In a statement signed by his Special Adviser on Media and Communication, Femi Adesina, Buhari disclosed his decision to put an end to the controversial panel.

Vice President Yomi Osinbajo, in his capacity as the acting president,  set up SPIP in August 2017, and appointed a 4-man panel, which Obono-Obla, who was then the Special Adviser to the President on Anti-corruption, was the head.

Series of allegations of misconduct trailed the SPIP,  in just 2 months after inception, prompting the vice president to write the panel a cautionary letter.

The letter did nothing to cautionary effect as complain of anyhowness continued to dent the image of the panel, especially, the chairman himself, Obono-Obla.

The vice president became worried that the Panel was flouting every rule in which it was established upon through its activities despite his repeated cautions.

In November 2017, President Buhari ordered Obono-Obla to stop every operation in his capacity as the head of SPIP, as investigation has commenced into the alleged excesses of the Panel. In December 2018, the Ad-hoc Committee set up by the House of Representatives to investigate the allegations called for the prosecution of Obono-Obla.

In the report submitted by the Committee’s Chairman, Aliyu Pategi, Obono-Obla was indicted for forgery and abuse of office.

It was based on these developments that the usefulness of SPIP came into serious questions.
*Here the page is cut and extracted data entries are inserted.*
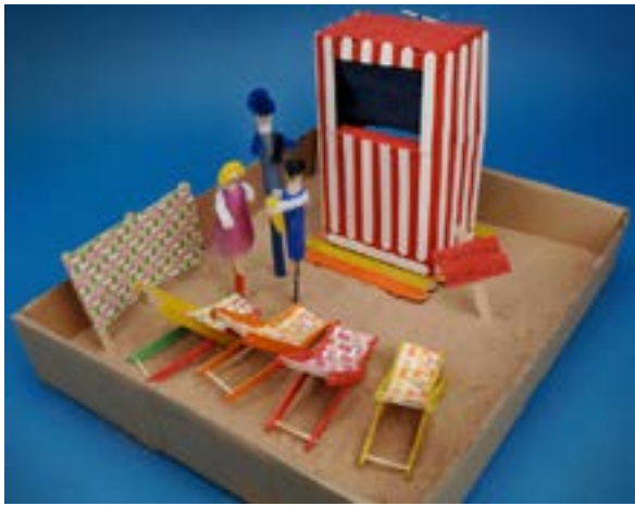
3D seaside scene inspired by Sickert's 'Brighton Pierrots.'
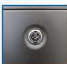
Security Cam Locks
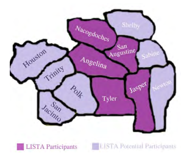
Note: The map above indicates where LISTA participants are employed by county.
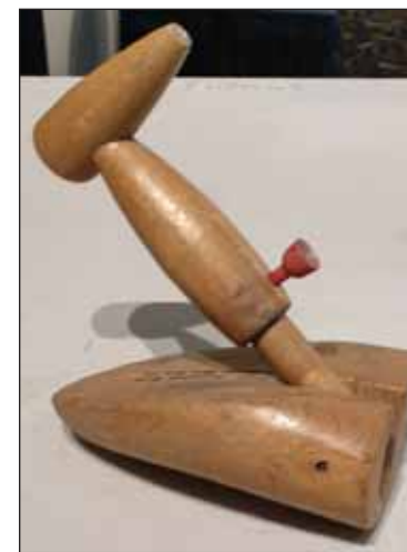
MUSEUM ON MAIN
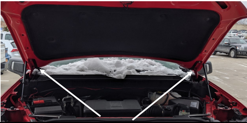
Figure 1a: Bracket Locations

The brackets are designed to utilize the factory mounting locations for the hood hinge. These locations are shown in Figure 1a .
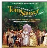
Soundtrack Richard M. Sherman and Robert B. Sherman
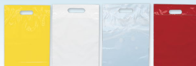
Yellow White Clear Red
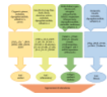
Figure 3 Mechanisms of action of herbal...
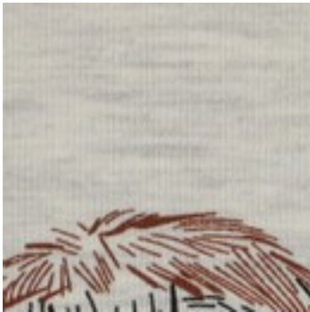
03114.001 ECRU MELANGE
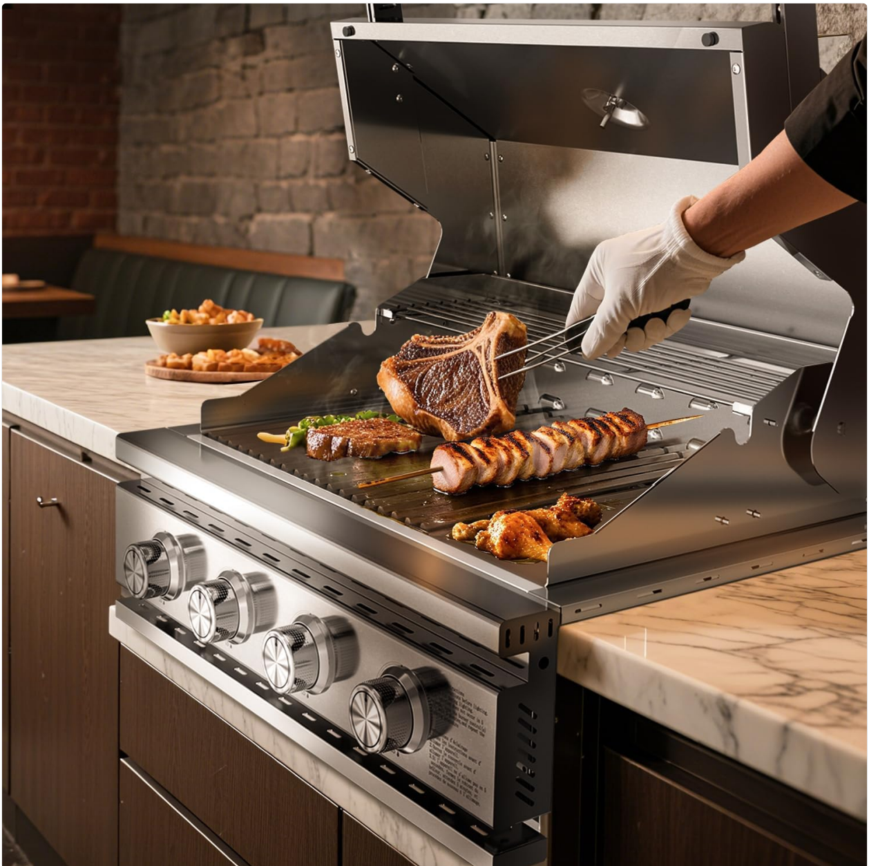
Figure 5.1: The Electactic JQ-4G grill in operation, showing food being cooked on the grates and tray.

The grill features a built-in thermometer on the lid to monitor internal temperature. Adjust the burner control knobs to regulate heat. Lower settings are suitable for slow cooking or warming, while higher settings are for searing and high-heat grilling.
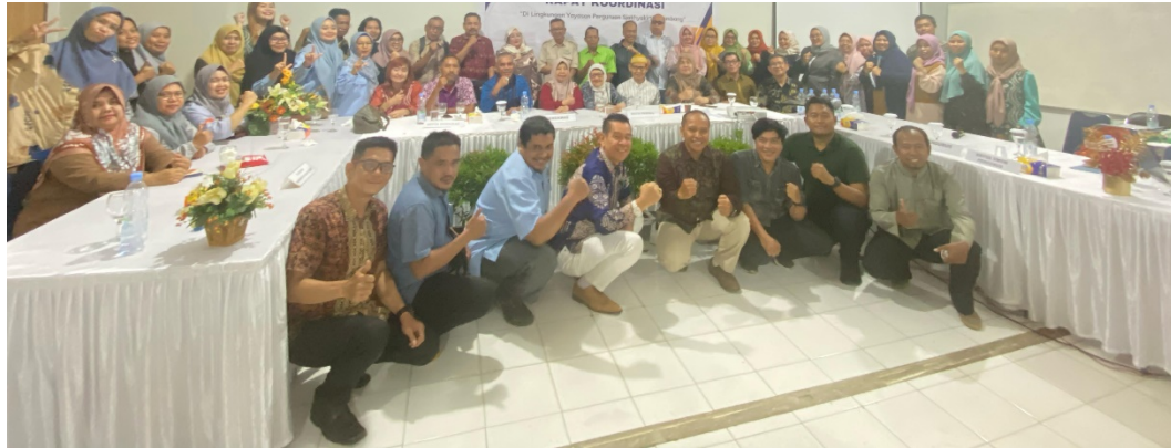
Figure 2. Opening Activity

Opening activity System Digitalization Training Administration at Sjakhyakirti Vocational School took place in the school hall in the morning day . Activities This started with remarks by the Head Schools that emphasize importance mastery technology information in support efficiency administration education . Participate present in opening This is team implementer devotion , teachers, and administrative staff school . Atmosphere opening ongoing with enthusiastic and full spirit , mark the beginning series training that will be implemented in a way interactive and applicable .
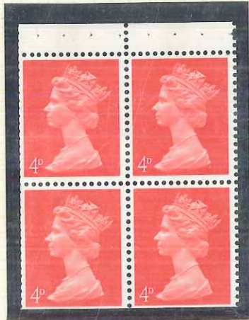
CB. PVA. B. 250. PERF. L 2/1. CHEEK FLAW ALTERING FACE EXPRESSION TH. D2
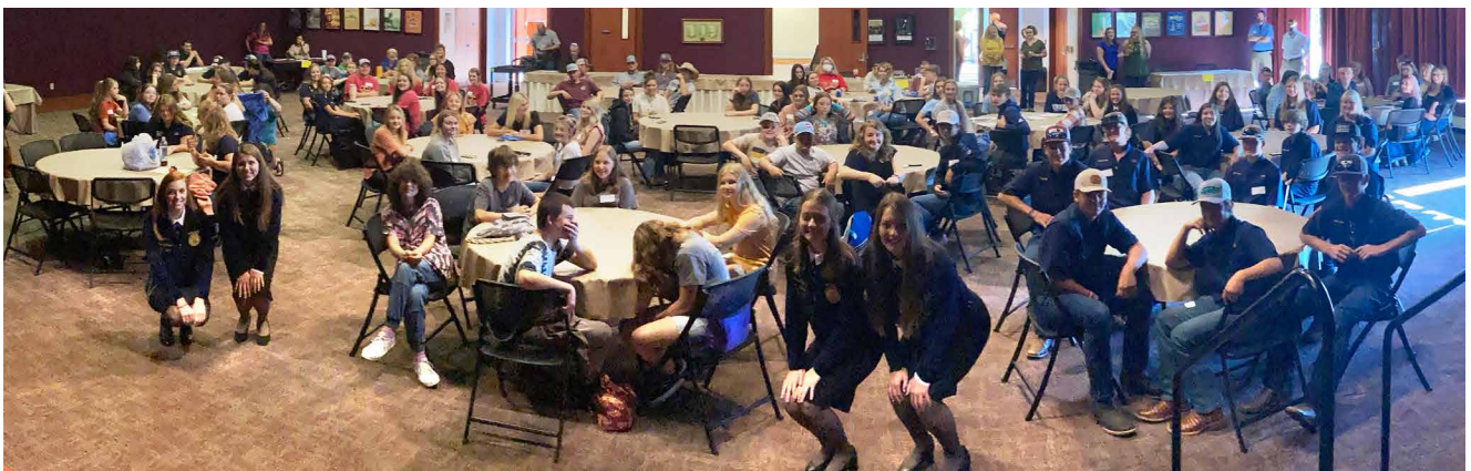
State officers pause for a photo with members from the Appalachian Area in Big Stone Gap, Virginia.
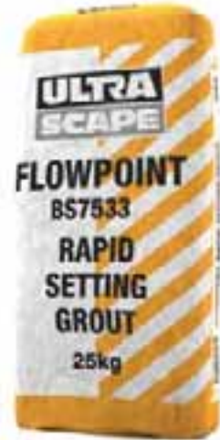
Flowpoint Flowable Grout
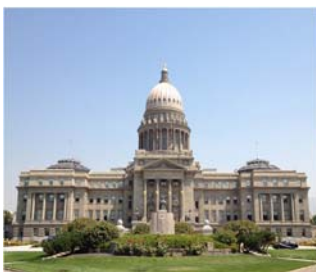
Boise State Capitol
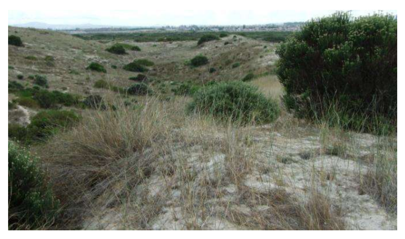
Figure 9: Driftsands Nature Reserve is a degraded island of natural vegetation in the study area
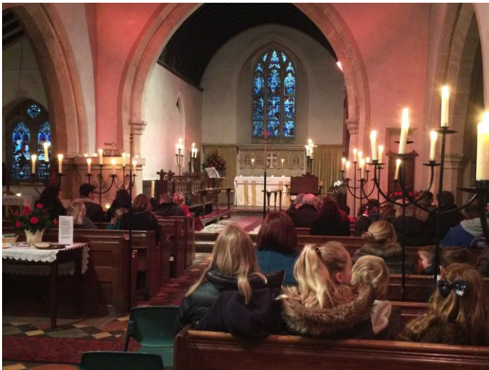
St Augustine's at Christmas

Westbury is the location of the private Beachborough Preparatory School. Beachborough staff are committed to supporting village life, and recently have contributed to a number of village events as well as regularly using the church for school services. They additionally contribute donations from the congregation at their Christmas and the leavers' services, and help with practical maintenance.
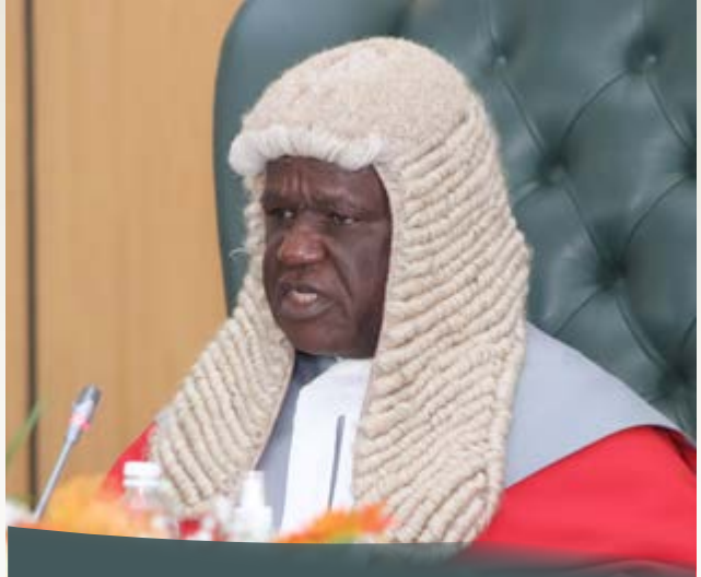
Chief Justice Hon. L. Malaba
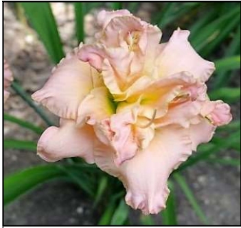
PINK EMBROIDERY 24",Tet,6",Evr,EM,Frag,Db,Re STAMILE 2003 $25
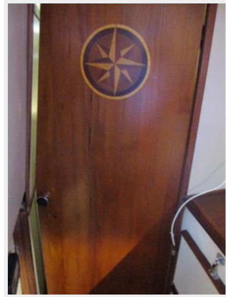
32. 41' Morgan Aft Master Teak Entry Door (1)
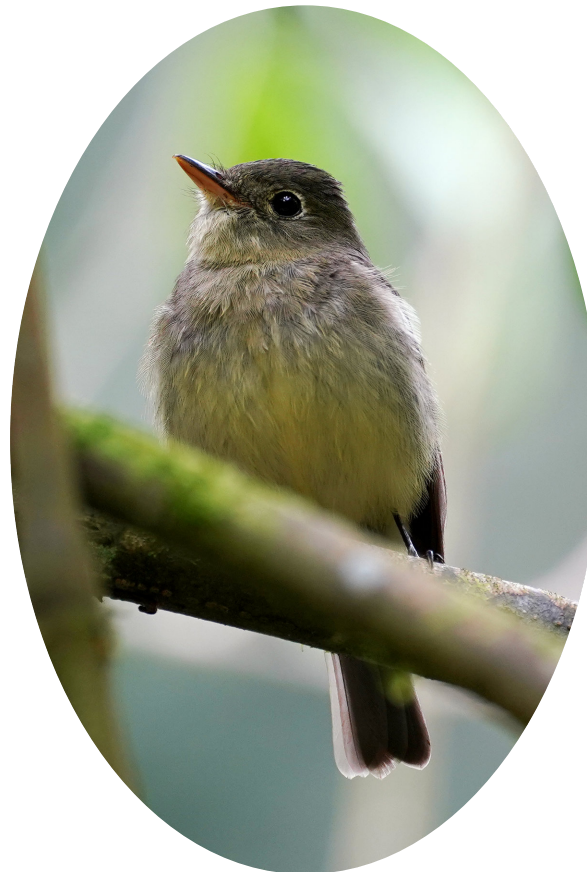
Empidonax virescens (Acadian flycatcher) – G5, N1B, S1B (Ontario)
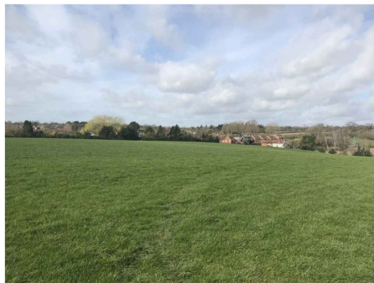
5. Looking north west from top of development site towards north west corner
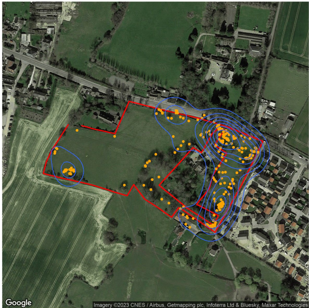
Figure 1. Indicative 'Utilisation Distribution' (UD) of all bat species/genera at the Site estimated from all transect data combined. Data was collected in July, August and September 2022. The UD illustrates the relative probability of a bat in flight being present at a given point at the Site, with higher/central contours having a greater probability, and lower/peripheral contours having less probability.
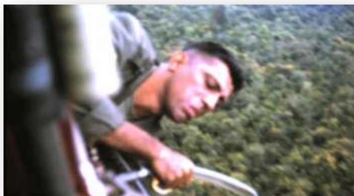
"This photo shows me in our chopper spraying Agent Orange. Hated to do this job, we had to fly slow for some reason. The pipe was right under my ass." Supply Trooper
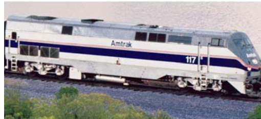
Paint scheme: Phase IV – introduced 1993 In photo: P42 #117 To be applied to: P-42 #184
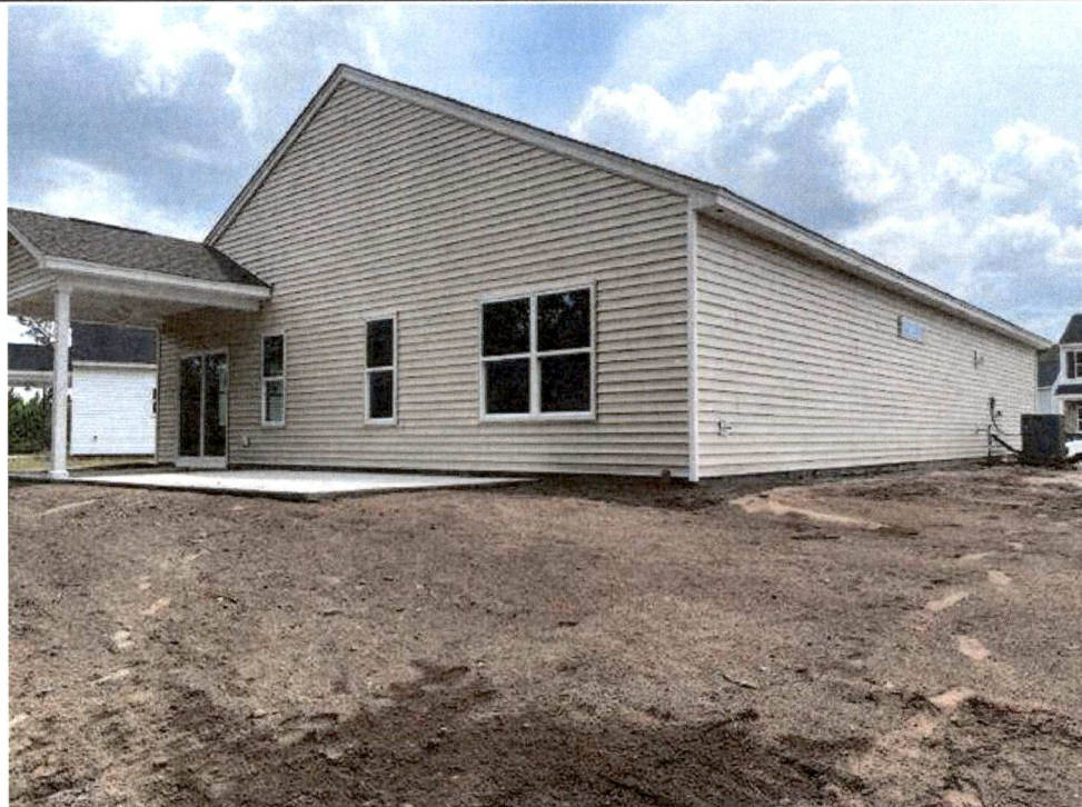
Photo Two Caption Rear View; 05-23-2023
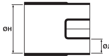
a: Expanded form (supplied)
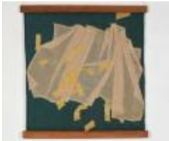
Untitled (Wall Hanging) (2013.16.13)
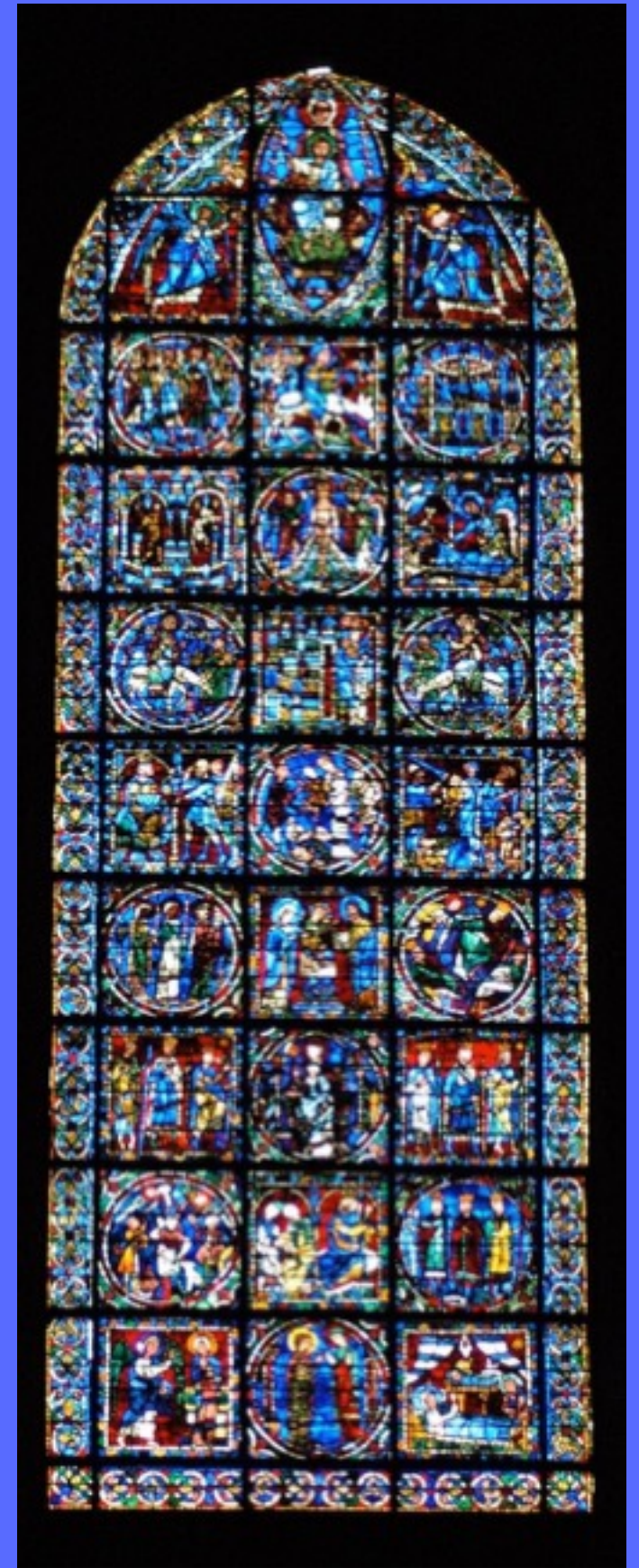
Visitation, Life of Christ Window
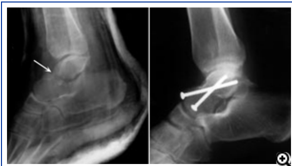
(Left) This x-ray shows a talus fracture. (Right) The bone fragments are fixed in place with screws.

Open reduction and internal fixation. During this operation, the bone fragments are first repositioned (reduced) into their normal alignment. They are then held together with special screws or metal plates and screws.
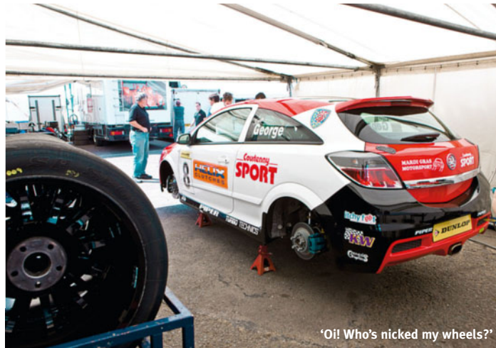
'Oi! Who's nicked my wheels?'

These small changes have seen significant improvements in the car as a whole; as Courtenay Sport MD Jon Shield says, 'The car is only at Stage 2 but it's so light it feels like a Stage 3. In fact it'll destroy a Stage 3 road car!'

And evidently, the presidency believes it has overstayed its essence.

Therefore, the Attorney General of the Federation and Minister of Justice has been directed to immediately take over all outstanding investigations and other activities of the SPIP.

Meanwhile, Obono-Obla is still under the investigation of Independent Corrupt Practices and other related offences Commission (ICPC), and President Buhari is looking forward to receive the report as soon as possible.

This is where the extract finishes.